SpaceX CEO Elon Musk said the company’s enormous Starship rocket will be ridiculously cheap to get into orbit at the first-ever US Air Force Space Pitch Day, a two-day event for the military arm to talk to non-traditional companies and enterprises.
According to Space.com, Musk said during an event, “If you consider operational costs, maybe it’ll be around $2 million.” “This is much smaller than even a miniature rocket, so it has to be built.”
While that sounds like a lot, it’s a tiny fraction of what existing missions cost: NASA pays an average of $152 million per launch, which means that, if Musk is correct, SpaceX will be able to launch freight and people into orbit for 1.3 percent of what NASA is currently paying.

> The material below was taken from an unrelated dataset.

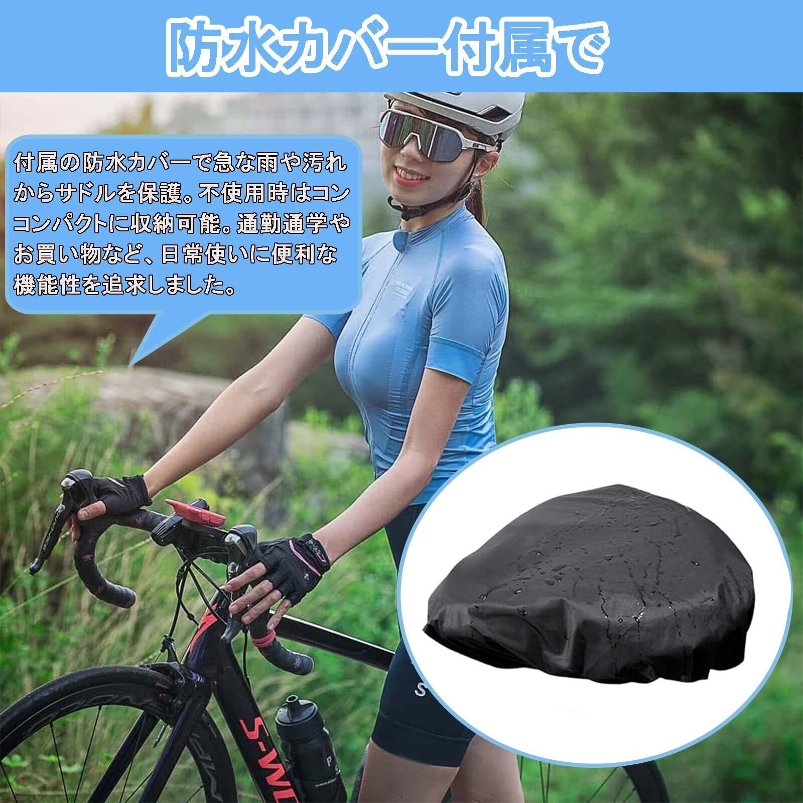 5. 【防水カバー付属で突然の雨も安心】 付属の防水カバーで急な雨や汚れからサドルを保護。不使用時はコンコンパクトに収納可能。通勤通学やお買い物など、日常使いに便利な機能性を追求しました。

SpaceX intends to launch the massive Starship rocket into orbit and beyond, carrying up to 100 people. Within the next ten years, the business plans to develop a system that could transport up to 1,000 passengers from one city to another on the same rocket.
It is an incredibly lofty goal. Despite falling costs due to improved reusability, a launch of SpaceX’s much smaller workhorse rocket Falcon 9 costs $62 million, more than thirty times Musk’s quoted Starship launch price.
Is this to imply that Musk conjured up the $2 million figure out of thin air? Maybe. According to Space.com, Musk stated at the Air Force event that he undertakes “zero market research whatsoever.”